= Beginning of Section =

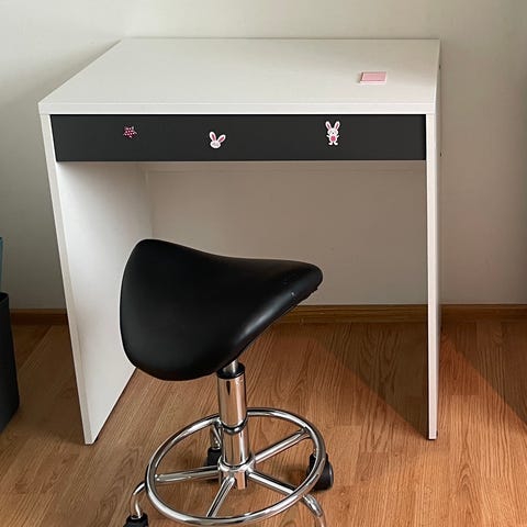 Myydään itse rakennettu lastenhuoneen pöytä (80x50x43cm, P x L x K). Pöytälevy on valkokuulto petsillä käsitelty mäntylevy. Mustat, metalliset jalat. Pöytälevy siistissä kunnossa; muutamassa kohtaa värikynästä viivoja (puuväri tai vahakynä).
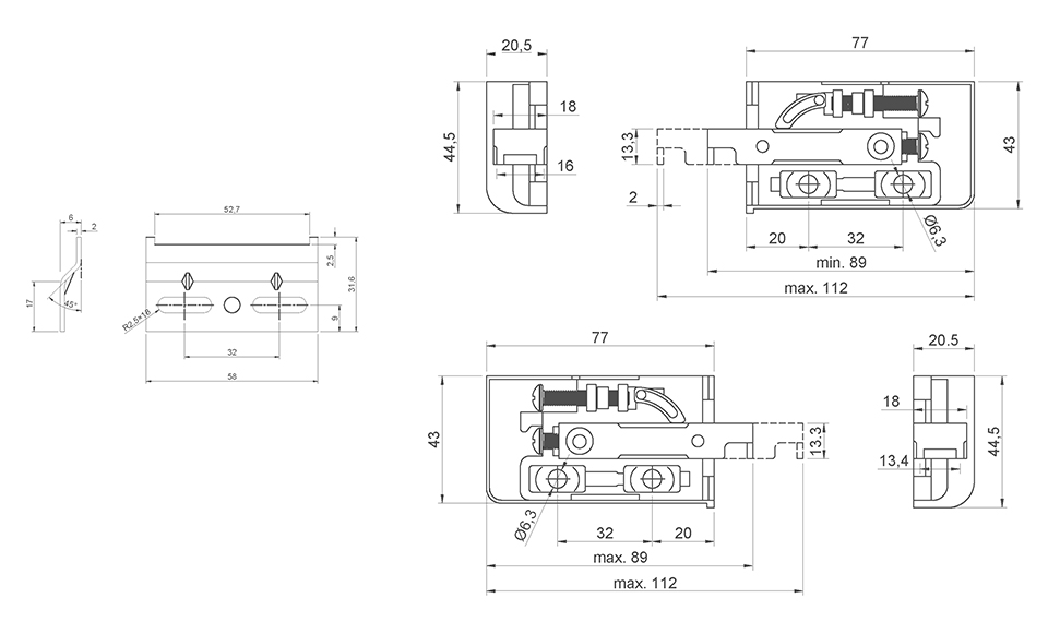 Regulacja wysokości +/- 8mm, głębokość +/- 10mm
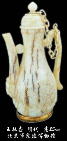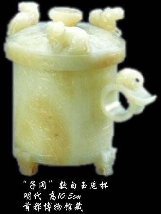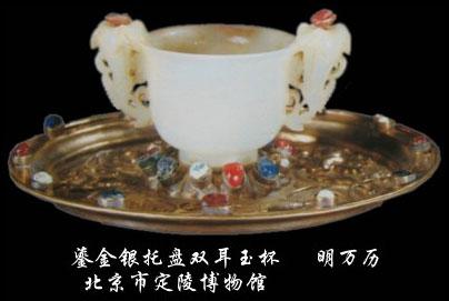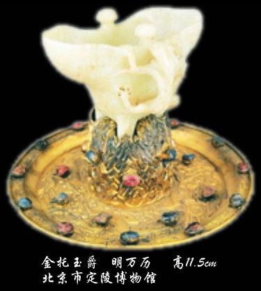 《金瓶梅》第三十回中,西门庆送礼。这回送的是"金壶玉盏",金的酒壶,玉的酒盏,礼很重。一般说来,小一点浅一点的杯,就叫盏。玉盏常见,今天在市场上很容易碰到。
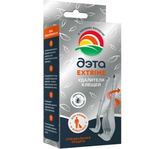 Выкручиватель клещей, инструмент для удаления клещей у людей и животных ДЭТА EXTRIME — необходимый инструмент для самостоятельного удаления паразитарных клещей с тела человека или животного при прогулках в лесу или других местах возможного заражения клещами.Удаляет клеща полностью, не оставляет его фрагментов в коже. Не сжимает клеща, уменьшая риск инфицирования. Удаляет клеща без боли и повреждений.В наборе 2 удалителя разных размеров для простого и быстрого извлечения клеща любого размера.
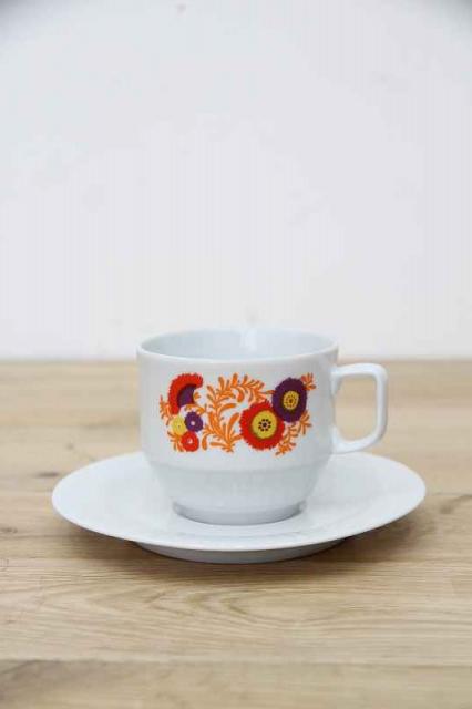 Made in Germany ドイツBavaria製ヴィンテージのカップ&ソーサーです。レトロな花柄プリントがどこか懐かしい感じの強い、昭和レトロにもありそうなデザインです。
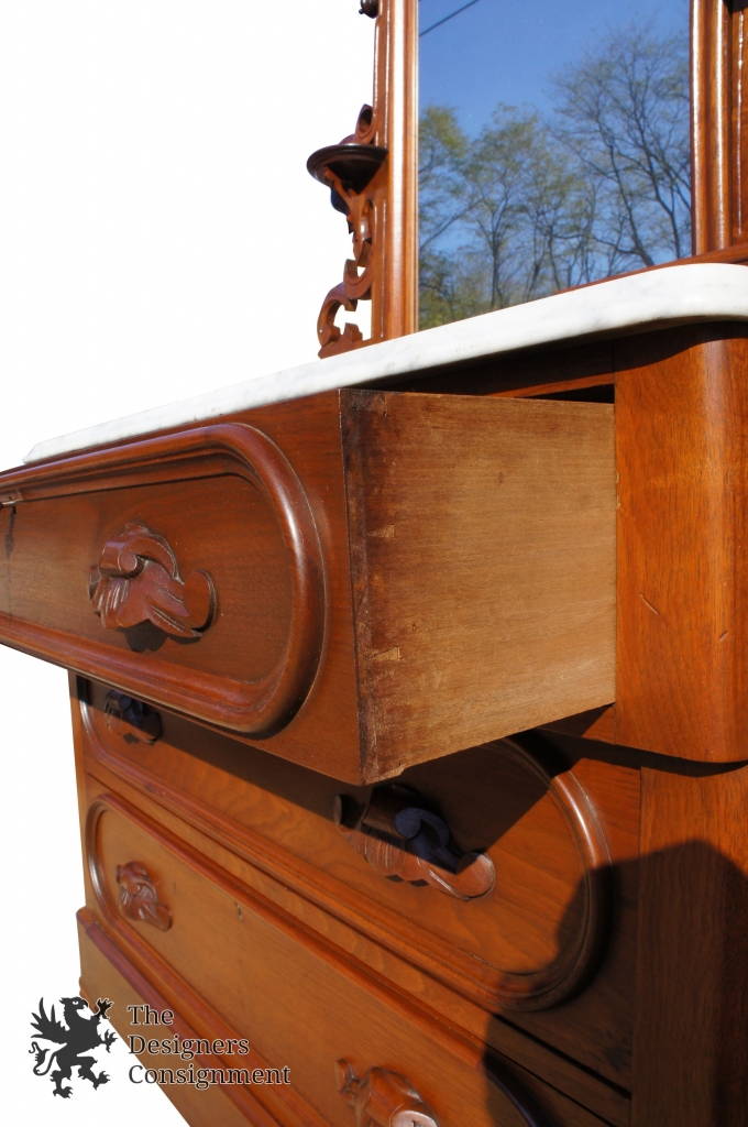Antique Victorian Carved Walnut Eastlake Wash Stand Marble Top Dresser Shave
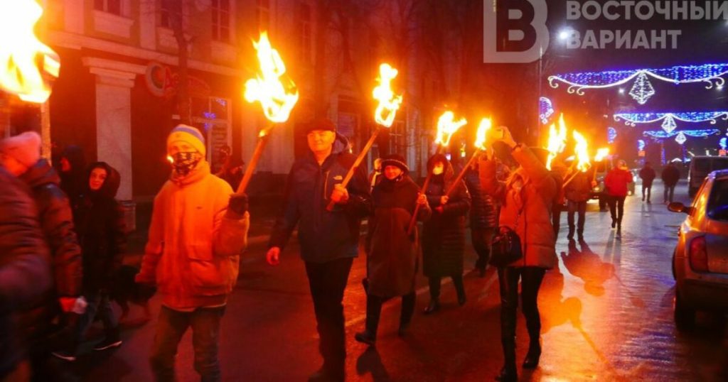 Ежегодно 1 января в Славянске проходит факельный марш ко Дню рождения Степана Бандеры.
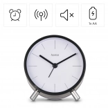 A fekete Flores ébresztőóra időtálló megjelenést és megbízható funkcionalitást ötvöz. A letisztult fehér számlap, a kontrasztos mutatók és a jól látható indexek révén az idő nagyobb távolságból is kiválóan leolvasható. A minimalista ház stabil fém lábakon ízléses kiegészítő a hálószobában, dolgozószobában vagy nappaliban.
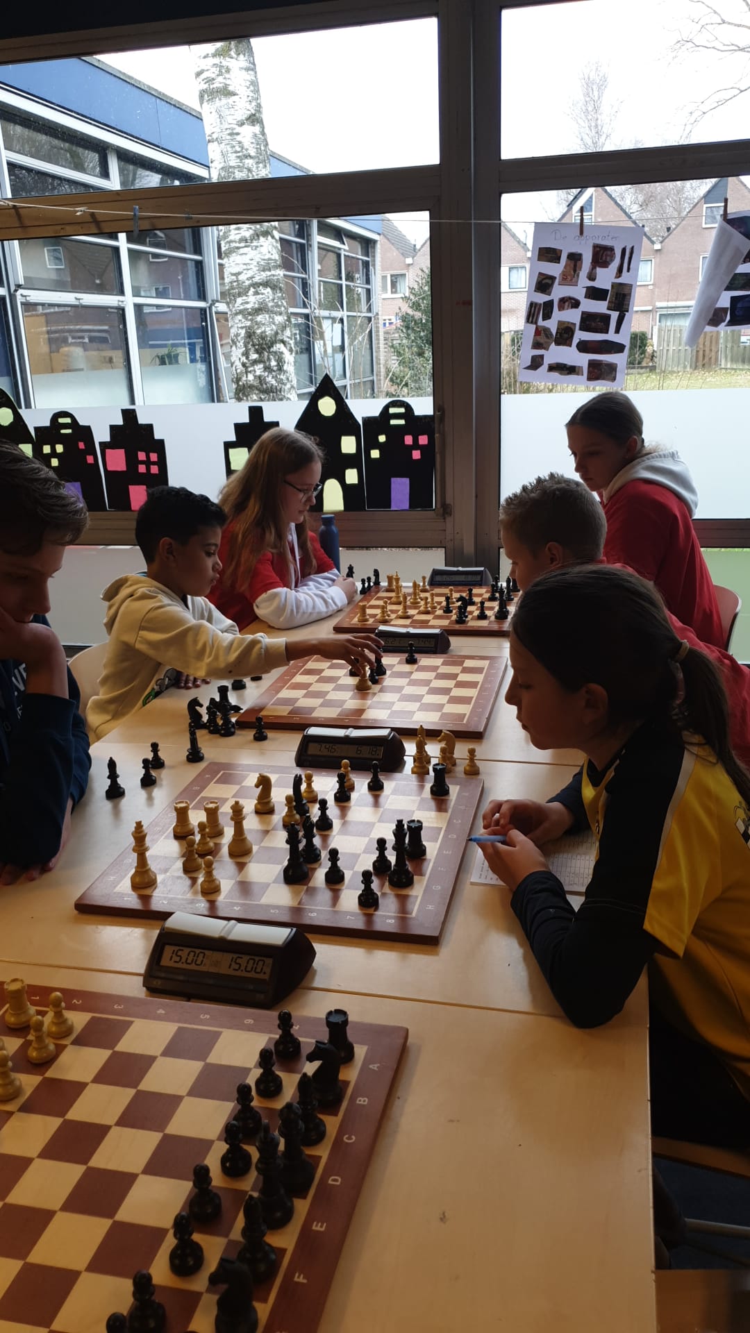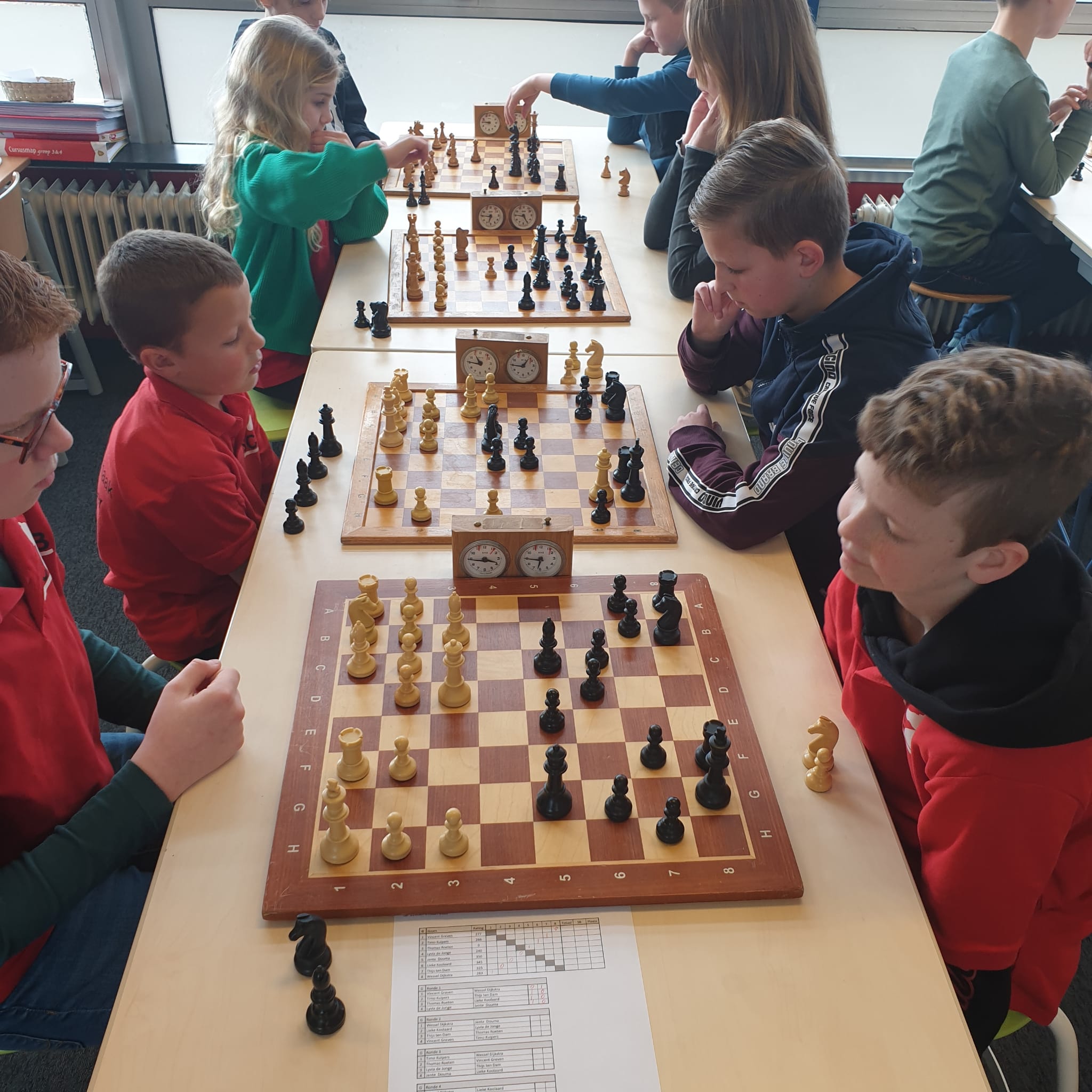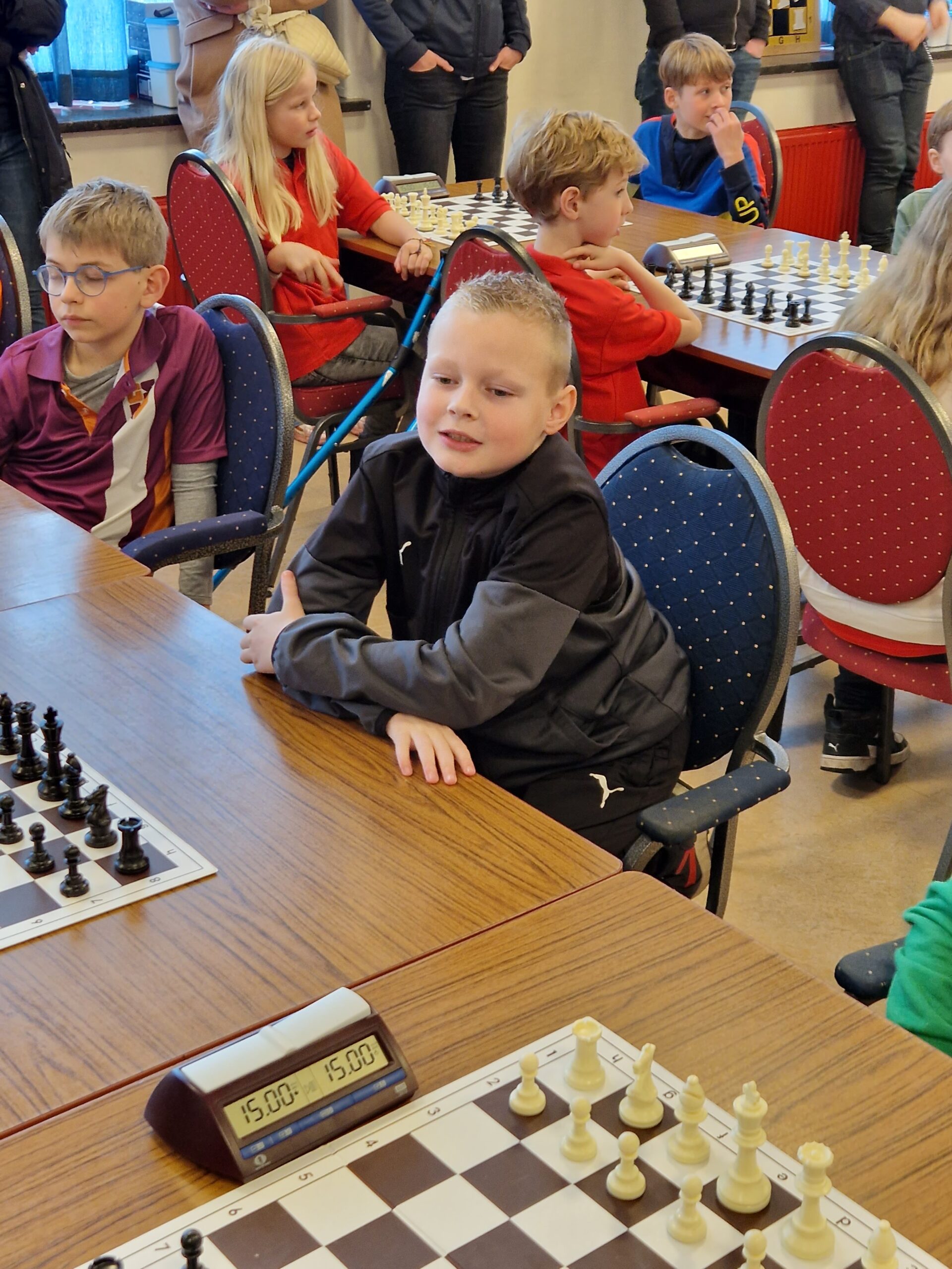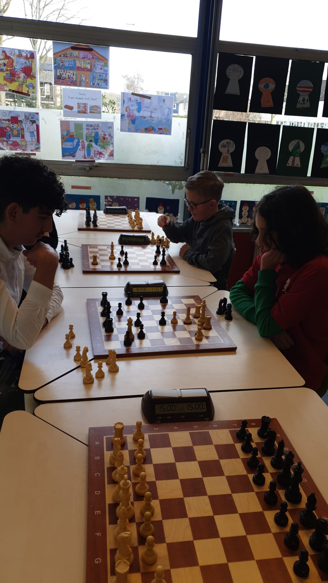 Noa scoorde 70% en wist enkele keren een verloren stelling in vliegende tijdnood alsnog te winnen. Ze is zoveel beter geworden en dat kwam nu naar voren. Joris en Thijmen haalden 7 uit 9.

= End of Section =

* Exercise goal *
All entries above, minus the pictures, should be repeated exactly.

* Problem solution *
 Myydään itse rakennettu lastenhuoneen pöytä (80x50x43cm, P x L x K). Pöytälevy on valkokuulto petsillä käsitelty mäntylevy. Mustat, metalliset jalat. Pöytälevy siistissä kunnossa; muutamassa kohtaa värikynästä viivoja (puuväri tai vahakynä).
 Regulacja wysokości +/- 8mm, głębokość +/- 10mm
 《金瓶梅》第三十回中,西门庆送礼。这回送的是"金壶玉盏",金的酒壶,玉的酒盏,礼很重。一般说来,小一点浅一点的杯,就叫盏。玉盏常见,今天在市场上很容易碰到。
 Выкручиватель клещей, инструмент для удаления клещей у людей и животных ДЭТА EXTRIME — необходимый инструмент для самостоятельного удаления паразитарных клещей с тела человека или животного при прогулках в лесу или других местах возможного заражения клещами.Удаляет клеща полностью, не оставляет его фрагментов в коже. Не сжимает клеща, уменьшая риск инфицирования. Удаляет клеща без боли и повреждений.В наборе 2 удалителя разных размеров для простого и быстрого извлечения клеща любого размера.
 Made in Germany ドイツBavaria製ヴィンテージのカップ&ソーサーです。レトロな花柄プリントがどこか懐かしい感じの強い、昭和レトロにもありそうなデザインです。
Antique Victorian Carved Walnut Eastlake Wash Stand Marble Top Dresser Shave
 Ежегодно 1 января в Славянске проходит факельный марш ко Дню рождения Степана Бандеры.
 A fekete Flores ébresztőóra időtálló megjelenést és megbízható funkcionalitást ötvöz. A letisztult fehér számlap, a kontrasztos mutatók és a jól látható indexek révén az idő nagyobb távolságból is kiválóan leolvasható. A minimalista ház stabil fém lábakon ízléses kiegészítő a hálószobában, dolgozószobában vagy nappaliban.
 Noa scoorde 70% en wist enkele keren een verloren stelling in vliegende tijdnood alsnog te winnen. Ze is zoveel beter geworden en dat kwam nu naar voren. Joris en Thijmen haalden 7 uit 9.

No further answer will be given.